Americans perceive that the economy is doing poorly because they continue to feel the effects of inflation, even though growth is solid and the job market is stronger than expected: the unemployment rate dropped to 3.8% in March, and 303 thousand jobs were created. Analysts see signs that the US economy has found a good balance between positive trends in business and entrepreneurial activities, increasing employment rates, and rising wages.

On the domestic front, the flow of migrants, which the Biden Administration has failed to manage or reduce, just like the previous Trump Administration, works against the incumbent president. Conversely, what works in his favor is the irritation of a majority slice of public opinion over the crackdown on abortion imposed by a strongly conservative Supreme Court – six out of nine judges on the right and three chosen by Trump personally.

On the international front, the wars in Ukraine and the Middle East work against Biden, who cannot end them, and in favor of Trump, who promises to end them, without ever saying how, and boasts that they would never have started with him, without explaining why.

But the game is not over yet. Biden is burdened by uncertainties about his age – he will be 82 immediately after the vote: not that Trump, who will be 78 in June, is a spring chicken – and fragility. For Trump, there is the gamble of the trials: he plays to procrastinate, and, with the complicity of judges appointed by him, he succeeds, but he risks stumbling on at least one of the four.

And both prospective candidates continue to display weaknesses in primary tests, even though they have no more rivals. There is always about a fifth of Republicans who do not vote for Trump; and there is always a slice of Democrats, fluctuating between a tenth and a fifth, who do not vote for Biden. Those disappointed by the Democratic administration are among the youth and minorities, especially Arab Americans tired of the Middle Eastern tug-of-war: the president calls for moderation from Israel, which ignores him, while simultaneously supplying the weapons with which it torments the Gaza Strip.

Against Trump, there are many of his collaborators in the current White House term: his vice president Mike Pence, his former Secretary of Defense Mark Esper, who defines him as “a threat to democracy”; his former National Security Advisor John Bolton, who considers him “unfit to be president”. In short, the more you know him, the more you avoid him.

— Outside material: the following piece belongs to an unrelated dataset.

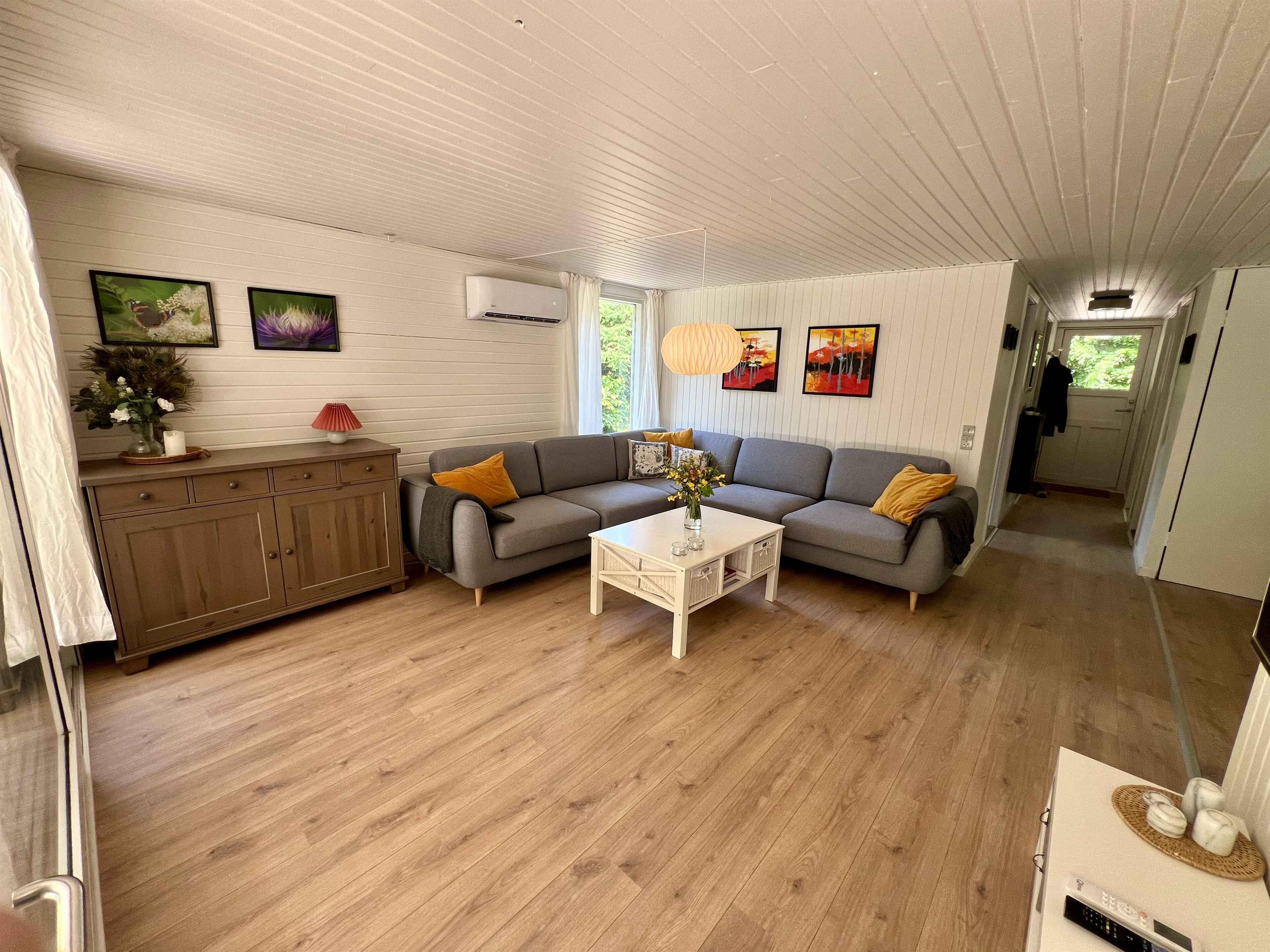 Gerenoveerd zomerhuis (2025) bij Kvie Sø. Gezellig, licht, groot terras, rustige natuur, vlak bij speeltuin, Legoland en Lalandia. Perfect voor gezinnen en ontspanning.

Sarah Matthews, a former assistant to Trump, who testified against him before the commission investigating the January 6, 2021 riot, finds it “amazing” how many former members of his staff have denounced him. But, on the other hand, there is also a line of those who cannot wait to reclaim their place under their boss.

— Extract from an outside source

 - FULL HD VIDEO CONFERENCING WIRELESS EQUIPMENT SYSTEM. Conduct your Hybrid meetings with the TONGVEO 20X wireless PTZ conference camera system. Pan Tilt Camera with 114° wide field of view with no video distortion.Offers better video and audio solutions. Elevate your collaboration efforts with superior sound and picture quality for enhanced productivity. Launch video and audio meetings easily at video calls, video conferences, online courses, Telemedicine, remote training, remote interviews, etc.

USA 2024: Trials, Trump seeks the recusal of the New York judge
Donald Trump seeks the recusal of Judge Juan Merchan presiding over the trial in New York for the hush money paid to a pornstar and a former Playboy bunny during the 2016 US campaign. The request for recusal comes ten days before the start of the trial, set for April 15, and follows public accusations made by the former president against the judge and his daughter, a Democratic activist. It is yet another attempt to delay the start of the trial.

USA 2024: An airport named after Trump? No, a prison
The Democratic response is immediate to the Republican proposal to rename Washington Airport, currently called Dulles Airport, after former President Donald Trump. Two Democratic lawmakers suggest naming a federal prison in Miami after the magnate, which would become the Donald J Trump Federal Correctional Institution. It is unlikely that either of the two ideas will be implemented.

Melania Trump returns to the election campaign: after a prolonged absence, the former first lady will organize a fundraising event on April 20 for the Log Cabin Republicans, the association representing the conservative Ltbgq community. The event will be held at Mar-a-Lago, the Trumps’ residence.